There is also frustration that there were only 20 Black participants in the drug’s trials. Carey Gleason, a clinical neuropsychologist at the University of Wisconsin School of Medicine and Public Health said that many Black volunteers in the trial “screened out,” because PET scans showed relatively low levels of amyloid in their brains. Leqembi works by removing amyloid, so the trial organizers excluded patients — regardless of their Alzheimer’s symptoms — if their PET scans were negative, although Blacks are up to twice as likely as whites to have Alzheimer’s.

The lower amyloid load highlights the controversy surrounding the basic premise of the amyloid/tau hypothesis. A third of the general population aged 70 and over have amyloid deposits, increasing to more than half of over 90 year olds, yet do not develop Alzheimer’s.

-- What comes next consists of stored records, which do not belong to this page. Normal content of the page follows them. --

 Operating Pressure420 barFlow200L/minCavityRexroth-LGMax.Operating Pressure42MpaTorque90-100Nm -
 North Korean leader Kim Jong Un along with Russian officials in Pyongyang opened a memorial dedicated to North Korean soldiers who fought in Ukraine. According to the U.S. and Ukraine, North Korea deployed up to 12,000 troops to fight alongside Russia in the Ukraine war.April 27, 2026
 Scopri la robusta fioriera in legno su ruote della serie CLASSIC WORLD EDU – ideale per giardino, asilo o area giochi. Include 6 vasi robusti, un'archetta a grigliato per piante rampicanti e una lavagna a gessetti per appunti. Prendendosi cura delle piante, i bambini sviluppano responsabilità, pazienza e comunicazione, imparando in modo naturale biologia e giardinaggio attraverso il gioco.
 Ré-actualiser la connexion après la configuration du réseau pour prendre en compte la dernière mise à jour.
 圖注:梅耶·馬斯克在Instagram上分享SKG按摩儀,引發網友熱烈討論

In its review of the costs and benefits of lecanemab, a 15-member panel appointed by the Institute for Clinical and Economic Review gave the drug low marks, saying, ‘A majority of the California Technology Assessment Forum was clearly unconvinced that the current evidence adequately demonstrates that lecanemab provides a net benefit to patients.’

A stock market website says that ‘the major risk in holding Biogen [stock] with respect to Leqembi is that surprisingly few physicians [will] prescribe it due to its ARIA side effect profile and/or because many patients refuse the complex testing required to confirm the necessary diagnosis to receive a prescription. Another risk is that ARIA side effects occur more frequently in the real-world setting and that this information, which should be widely available through the patient registry, dissuades physicians from writing Leqembi prescriptions.’

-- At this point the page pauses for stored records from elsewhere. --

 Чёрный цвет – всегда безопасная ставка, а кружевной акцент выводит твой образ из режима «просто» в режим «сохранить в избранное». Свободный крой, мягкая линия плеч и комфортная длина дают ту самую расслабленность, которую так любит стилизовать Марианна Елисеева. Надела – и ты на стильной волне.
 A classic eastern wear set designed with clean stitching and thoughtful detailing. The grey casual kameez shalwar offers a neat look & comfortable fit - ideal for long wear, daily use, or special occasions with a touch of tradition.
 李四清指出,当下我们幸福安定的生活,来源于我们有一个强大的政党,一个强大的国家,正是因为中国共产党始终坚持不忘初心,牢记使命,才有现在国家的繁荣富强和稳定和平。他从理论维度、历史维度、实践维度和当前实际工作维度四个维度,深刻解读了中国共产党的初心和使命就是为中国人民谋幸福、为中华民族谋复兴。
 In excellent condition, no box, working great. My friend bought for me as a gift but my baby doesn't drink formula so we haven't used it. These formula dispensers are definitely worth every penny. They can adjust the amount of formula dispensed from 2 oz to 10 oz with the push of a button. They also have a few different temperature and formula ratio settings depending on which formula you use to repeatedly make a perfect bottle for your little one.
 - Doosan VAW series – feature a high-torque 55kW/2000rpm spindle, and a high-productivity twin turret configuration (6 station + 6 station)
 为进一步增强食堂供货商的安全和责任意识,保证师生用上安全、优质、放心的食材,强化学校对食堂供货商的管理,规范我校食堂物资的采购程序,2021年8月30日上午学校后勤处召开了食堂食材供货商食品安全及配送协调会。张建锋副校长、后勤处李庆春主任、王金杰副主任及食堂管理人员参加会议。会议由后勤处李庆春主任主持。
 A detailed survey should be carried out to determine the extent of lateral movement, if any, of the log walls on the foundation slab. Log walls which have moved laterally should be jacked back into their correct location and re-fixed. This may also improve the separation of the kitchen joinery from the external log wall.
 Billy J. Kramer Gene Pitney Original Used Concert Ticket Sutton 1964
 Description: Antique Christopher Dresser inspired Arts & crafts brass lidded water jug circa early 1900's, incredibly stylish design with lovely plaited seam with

Meanwhile, research continues down different avenues. Scientists at the University of Pittsburgh School of Medicine found that the build-up of amyloid protein in the brain may in itself not be enough to cause symptoms. They discovered that immune cells called astrocytes were activated in patients who developed Alzheimer’s. ‘This puts astrocytes at the centre as key regulators of disease progression, challenging the notion that amyloid is enough to trigger Alzheimer’s disease,’ said Dr Tharick Pascoal, senior author of the study and associate professor of psychiatry and neurology at the university.

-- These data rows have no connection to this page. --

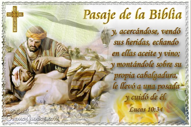 Evangelio según San Lucas 10,25-37. Un doctor de la Ley se levantó y le preguntó para ponerlo a prueba: "Maestro, ¿qué tengo que hacer para heredar la Vida eterna?". Jesús le preguntó a su vez: "¿Qué está escrito en la Ley? ¿Qué lees en ella?". El le respondió: "Amarás al Señor, tu Dios, con todo tu corazón, con toda tu alma, con todas tus fuerzas y con todo tu espíritu, y a tu prójimo como a ti mismo". "Has respondido exactamente, le dijo Jesús; obra así y alcanzarás la vida". Pero el doctor de la Ley, para justificar su intervención, le hizo esta pregunta: "¿Y quién es mi prójimo?". Jesús volvió a tomar la palabra y le respondió: "Un hombre bajaba de Jerusalén a Jericó y cayó en manos de unos ladrones, que lo despojaron de todo, lo hirieron y se fueron, dejándolo medio muerto. Casualmente bajaba por el mismo camino un sacerdote: lo vio y siguió de largo. También pasó por allí un levita: lo vio y siguió su camino. Pero un samaritano que viajaba por allí, al pasar junto a él, lo vio y se conmovió. Entonces se acercó y vendó sus heridas, cubriéndolas con aceite y vino; después lo puso sobre su propia montura, lo condujo a un albergue y se encargó de cuidarlo. Al día siguiente, sacó dos denarios y se los dio al dueño del albergue, diciéndole: 'Cuídalo, y lo que gastes de más, te lo pagaré al volver'. ¿Cuál de los tres te parece que se portó como prójimo del hombre asaltado por los ladrones?". "El que tuvo compasión de él", le respondió el doctor. Y Jesús le dijo: "Ve, y procede tú de la misma manera".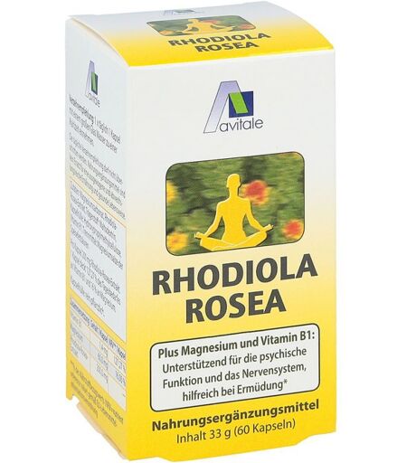 Anwendungsgebiet von Rhodiola Rosea Kapseln 200 mgRhodiola Rosea Kapseln 200 mg ist Nahrungsergänzungsmittel mit Extrakten aus der Rhodiola Rosea Pflanze, sinnvoll kombiniert mit den wichtigen Nährstoffen Magnesium und Vitamin B1 zur Steigerung des allgemeinen Wohlbefindens.Wirkungsweise von Rhodiola Rosea Kapseln 200 mgDie Inhaltsstoffe Magnesium und Vitamin B1 unterstützen das Nervensystem und gesunde psychische Funktionen. Außerdem sind sie hilfreich bei Müdigkeit und Ermüdung.Wirkstoffe / Inhaltsstoffe / ZutatenZutaten von Rhodiola Rosea Kapseln 200 mg: Magnesiumcarbonat, Rhodiola-Rosea-Extrakt, Maltodextrin, Kapselhülle: Hydroxypropylmethylcellulose, Vitamin B1, Trennmittel: Magnesiumsalze der Speisefettsäuren 1 Kapsel enthält: 200mg Rhodiola-Rosea-Extrakt (bei 3% Rosavin, 1% Salidroside) 60mg Magnesium (16 % NRV*) 1,4mg Vitamin B1 (127% NRV*) NRV* = % des Nährstoffbezugswerts (NRV=nutrient reference value) gemäß EU-LebensmittelinformationsverordnungGegenanzeigenBei bekannter Überempfindlichkeit gegenüber einem der oben genannten Inhaltsstoffe sollte dieses Produkt nicht angewendet werden.Dosierung Verzehrempfehlung von Rhodiola Rosea Kapseln 200 mg: 1 Kapsel täglich mit einem großen Glas Wasser zu einer Mahlzeit einnehmenHinweiseDie empfohlene tägliche Verzehrmenge darf nicht überschritten werden. Nahrungsergänzungsmittel sind kein Ersatz für eine gesunde und ausgewogene Ernährung und sollten außerhalb der Reichweite von Kindern aufbewahrt werden. Rhodiola Rosea Kapseln 200 mg können in Ihrer Versandapotheke www.juvalis.de erworben werden. ...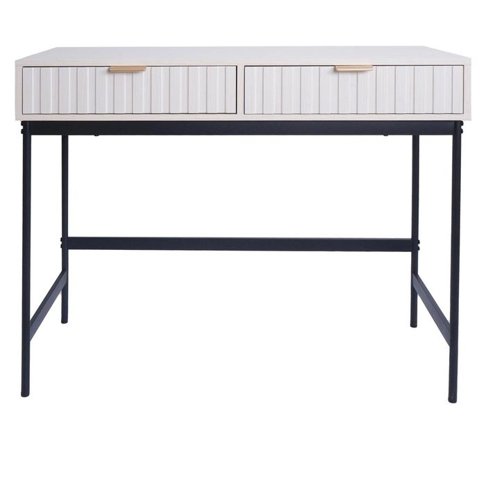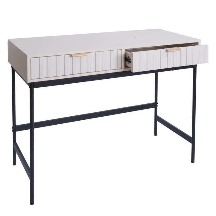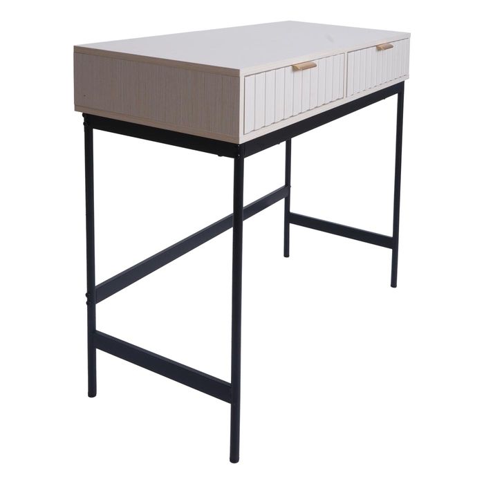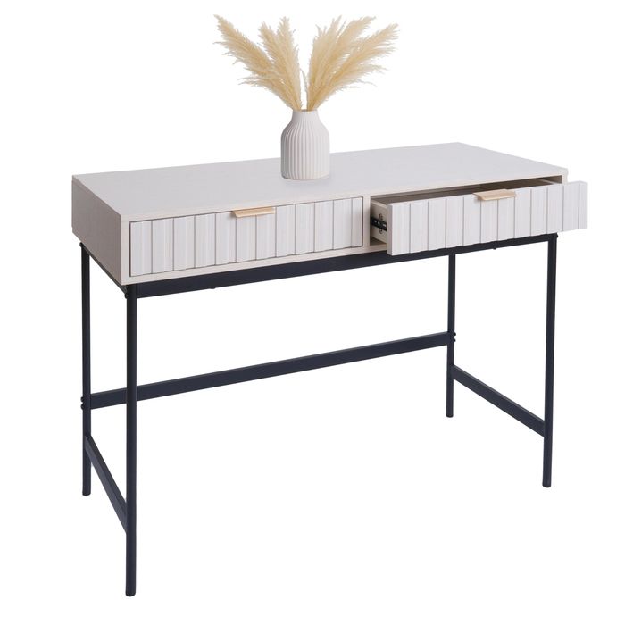 - Dieser schicke Ablagentisch im modernen Design ist nicht nur optisch ansprechend, sondern bietet auch ausreichend Platz für diverse Utensilien. Dank seiner Schubladen lassen sich alle Dinge, die nichts auf dem Arbeitstisch zu suchen haben, verstauen.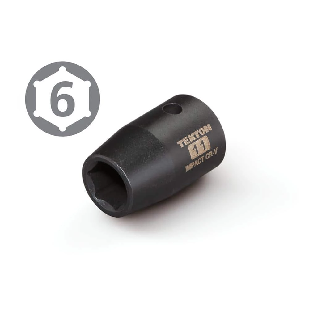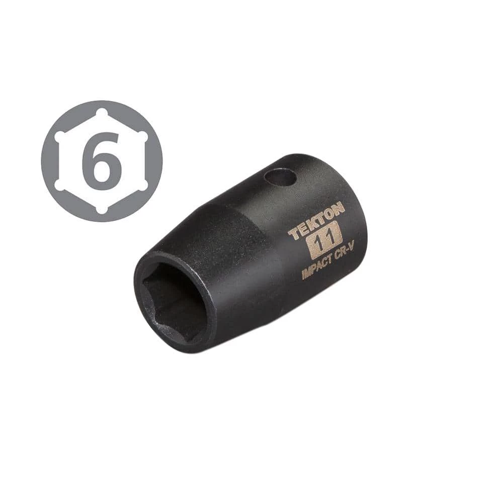 The TEKTON 1/2 in. Drive x 11 mm Impact Socket is engineered for use with impact drivers. It has a 6-point opening that snugly fits the hex shape of fastener heads, allowing it to apply maximum torque without slipping. To prevent round-off under stress, it grips the flat sides of fastener heads rather than the corners. Easy to read even in low light, the large, high-contrast size marking is permanently laser etched into the steel surface. The through-hole in the drive end locks onto the tang of impact wrenches or drivers so it won’t fall off or stick on fastener heads. To protect against rust and corrosion, the black phosphate finish absorbs and holds oil, repelling moisture.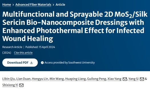 发布时间: 2024-04-17 13:22:58 已阅读:2024年4月16日,番茄社区易世雄副教授团队在纺织材料学科领域1区Top期刊Advanced Fiber Materials(影响因子16.1)上在线发表题为“Multifunctional and Sprayable 2D MoS2/Silk Sericin Bio‑Nanocomposite Dressings with Enhanced Photothermal Effect for Infected Wound Healing”的研究论文。这是易世雄团队继开发基于丝素蛋白的静电混纺吸附膜材料在该期刊上发表高水平研究论文后的又一重要成果。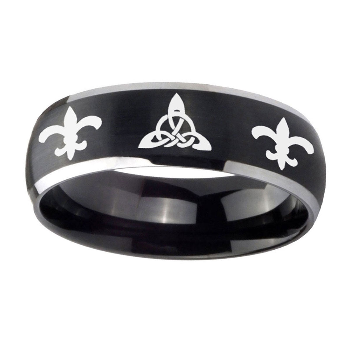 5, 8mm Celtic Triangle Fleur De Lis Dome Brushed Black 2 Tone Tungsten Promise Ring

A study published in Frontiers in Immunology found that inhaling menthol enhanced cognition in mice and reduced the concentration of interleukin-1-beta (IL-1b), a protein pivotal to the inflammatory response. Previous studies have also shown a link between diminished olfactory senses and the onset of Alzheimer’s disease symptoms.

An anti-amyloid vaccine has been developed by Swiss firm AC Immune to provoke an immune response, or immunogenicity, in adults with Down syndrome. Researchers believe the new vaccine is potentially a safer and more effective alternative to treatments such as lecanemab. “The reason we are using Down syndrome individuals is that they have very defined genetics," said Professor Andrea Pfeifer, CEO of AC Immune. "Basically since birth they have beta-amyloid, which leads to plaques in Alzheimer’s disease. By the time they are 20, they develop Alzheimer’s like symptoms. By the time they are 40, they all have such symptoms. At the age of 60, the probability is almost 100% that they will have Alzheimer’s disease."

The data obtained through Medicare’s Registry will give insight into the efficacy and the side effects of Leqembi, and it is encouraging to know that many different approaches are being explored. Hopefully, real solutions will be found that will help families like TV presenter Fiona Phillips, diagnosed with Alzheimer’s last year, who revealed that her parents, grandparents and an uncle had lived with it. Meantime, we follow the NHS’s health advice on the best way of preventing it.